*Brief*.
What you return should be the entries, unchanged, without their pictures.

*Records supplied*.
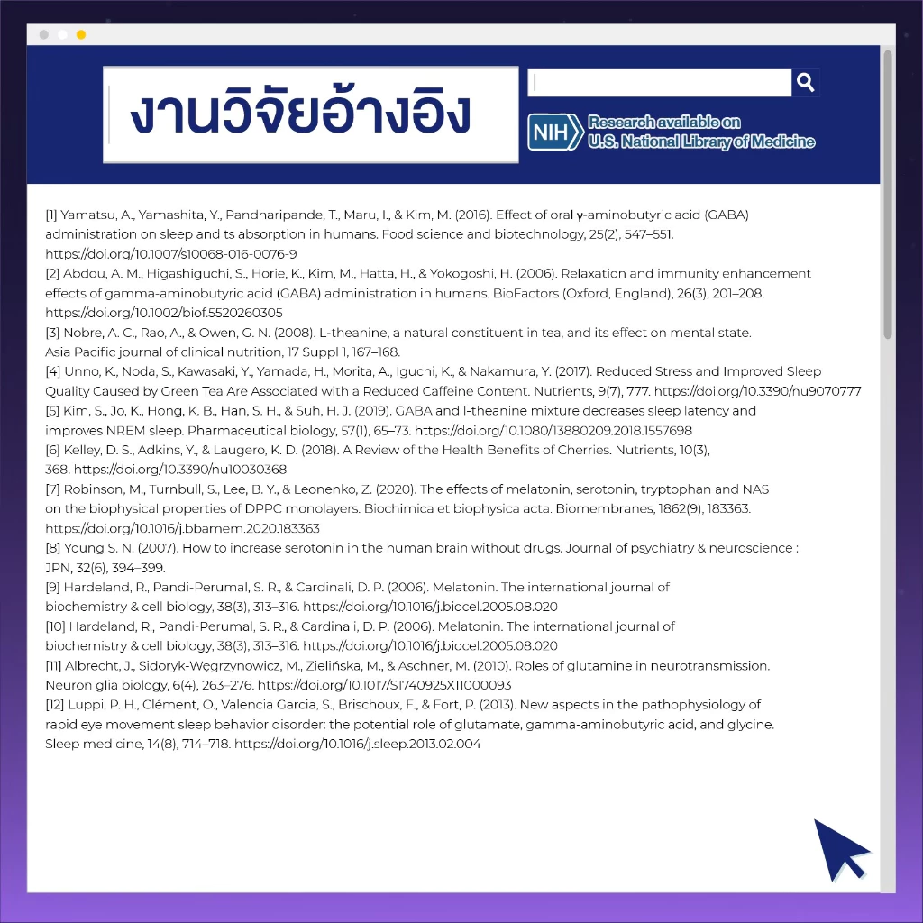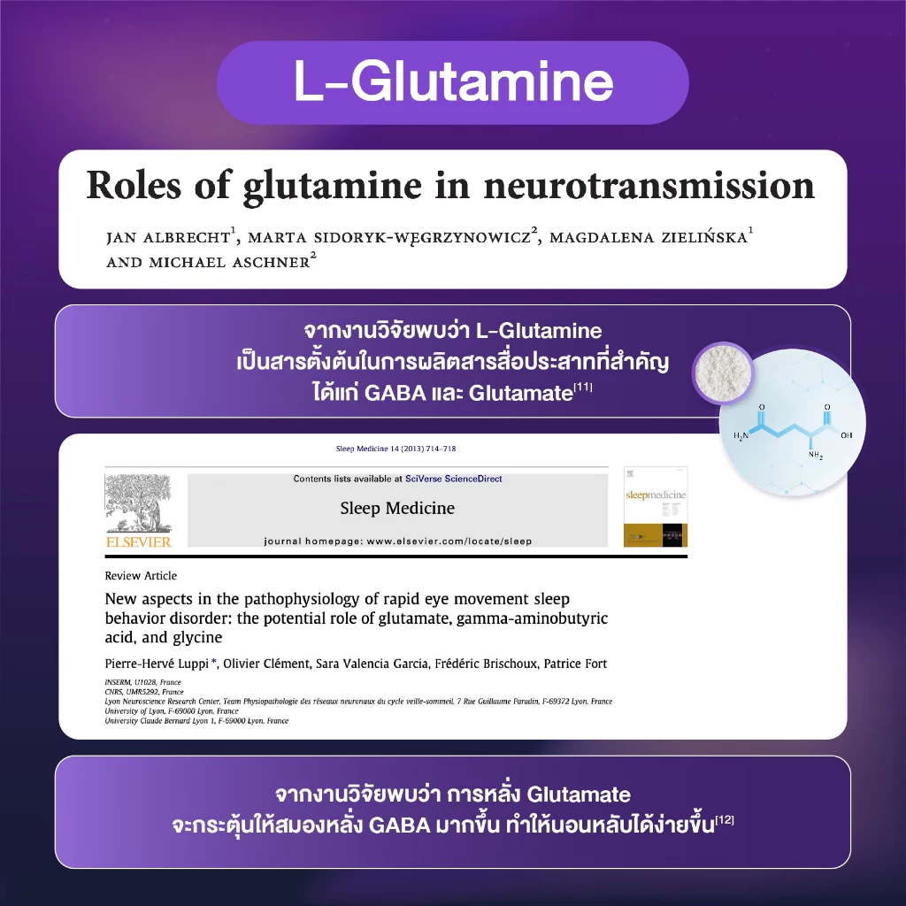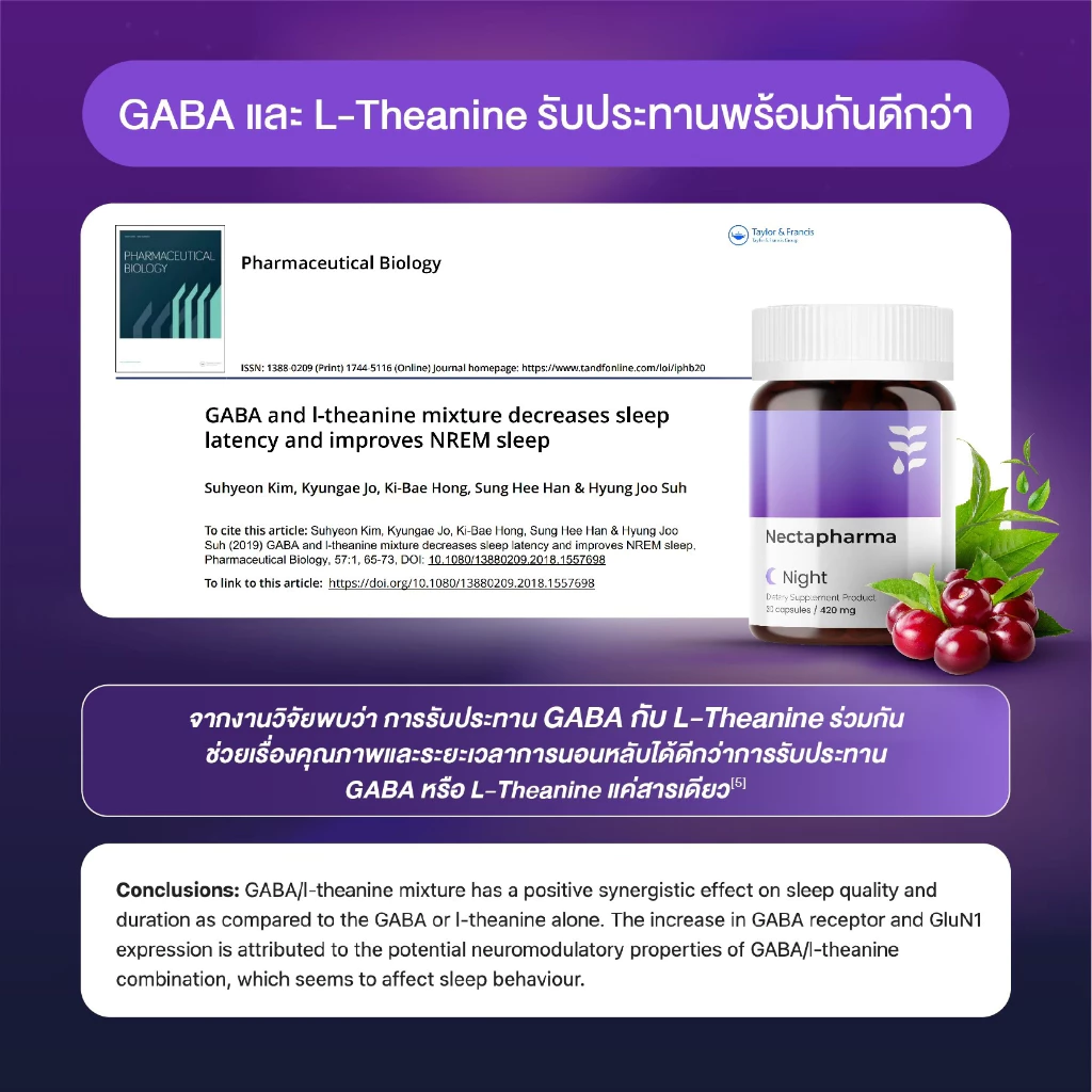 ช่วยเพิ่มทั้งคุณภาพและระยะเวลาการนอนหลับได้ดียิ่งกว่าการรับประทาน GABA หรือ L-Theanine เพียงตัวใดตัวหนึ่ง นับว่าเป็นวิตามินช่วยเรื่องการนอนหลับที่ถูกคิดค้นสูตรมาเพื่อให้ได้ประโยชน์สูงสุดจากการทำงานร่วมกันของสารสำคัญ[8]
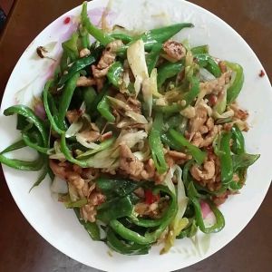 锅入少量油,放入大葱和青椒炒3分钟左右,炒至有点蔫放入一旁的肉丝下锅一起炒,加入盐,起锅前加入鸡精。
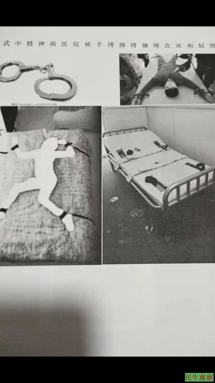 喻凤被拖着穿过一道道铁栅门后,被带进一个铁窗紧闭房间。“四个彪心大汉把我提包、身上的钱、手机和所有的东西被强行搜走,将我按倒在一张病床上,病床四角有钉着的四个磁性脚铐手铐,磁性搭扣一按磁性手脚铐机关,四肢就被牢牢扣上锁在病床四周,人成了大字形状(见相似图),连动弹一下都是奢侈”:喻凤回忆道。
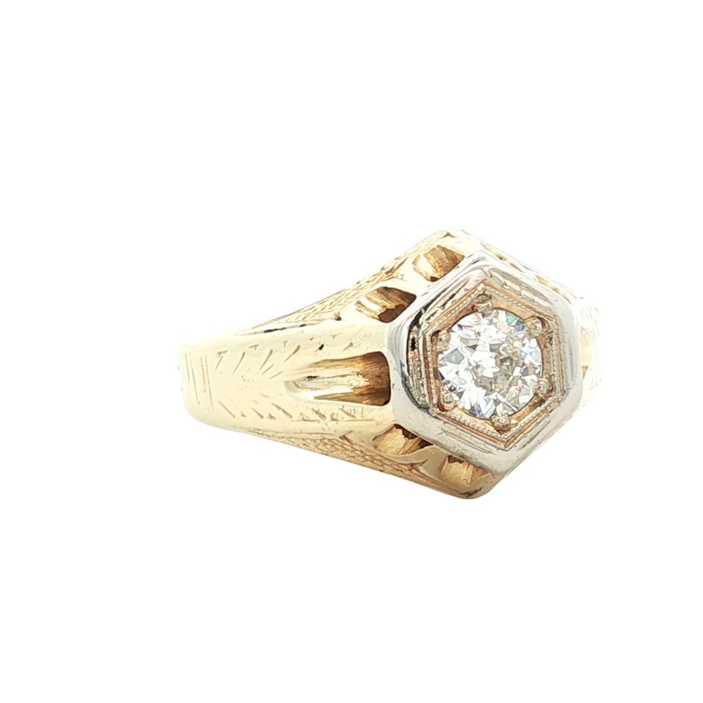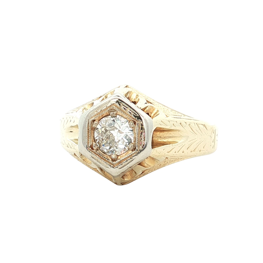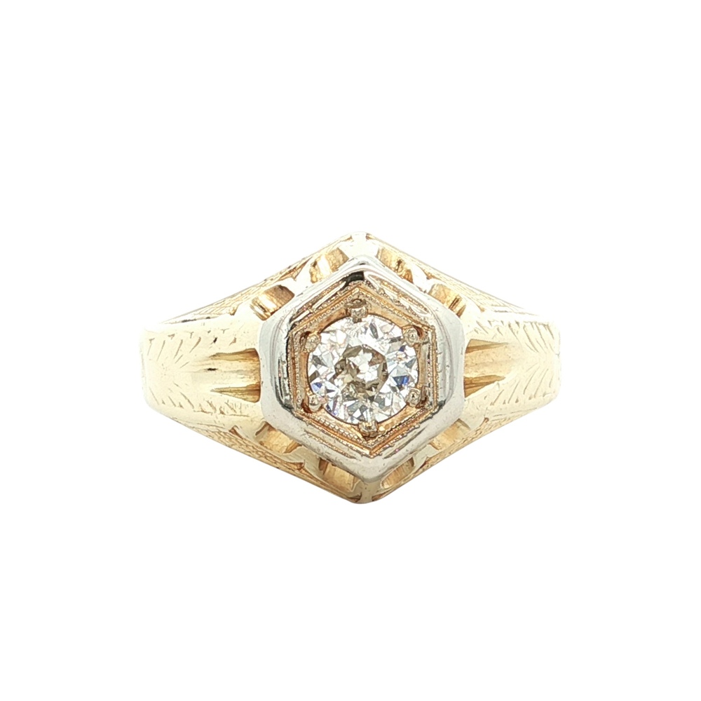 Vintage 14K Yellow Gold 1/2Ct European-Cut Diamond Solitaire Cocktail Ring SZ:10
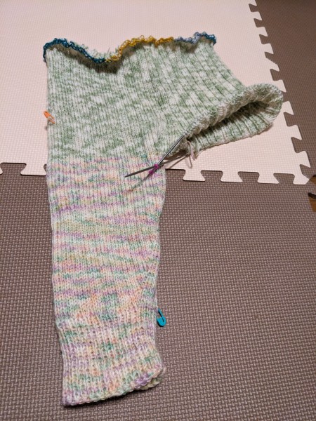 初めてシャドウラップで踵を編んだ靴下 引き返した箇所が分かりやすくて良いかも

*Answer box*.
 ช่วยเพิ่มทั้งคุณภาพและระยะเวลาการนอนหลับได้ดียิ่งกว่าการรับประทาน GABA หรือ L-Theanine เพียงตัวใดตัวหนึ่ง นับว่าเป็นวิตามินช่วยเรื่องการนอนหลับที่ถูกคิดค้นสูตรมาเพื่อให้ได้ประโยชน์สูงสุดจากการทำงานร่วมกันของสารสำคัญ[8]
 锅入少量油,放入大葱和青椒炒3分钟左右,炒至有点蔫放入一旁的肉丝下锅一起炒,加入盐,起锅前加入鸡精。
 喻凤被拖着穿过一道道铁栅门后,被带进一个铁窗紧闭房间。“四个彪心大汉把我提包、身上的钱、手机和所有的东西被强行搜走,将我按倒在一张病床上,病床四角有钉着的四个磁性脚铐手铐,磁性搭扣一按磁性手脚铐机关,四肢就被牢牢扣上锁在病床四周,人成了大字形状(见相似图),连动弹一下都是奢侈”:喻凤回忆道。
 Vintage 14K Yellow Gold 1/2Ct European-Cut Diamond Solitaire Cocktail Ring SZ:10
 初めてシャドウラップで踵を編んだ靴下 引き返した箇所が分かりやすくて良いかも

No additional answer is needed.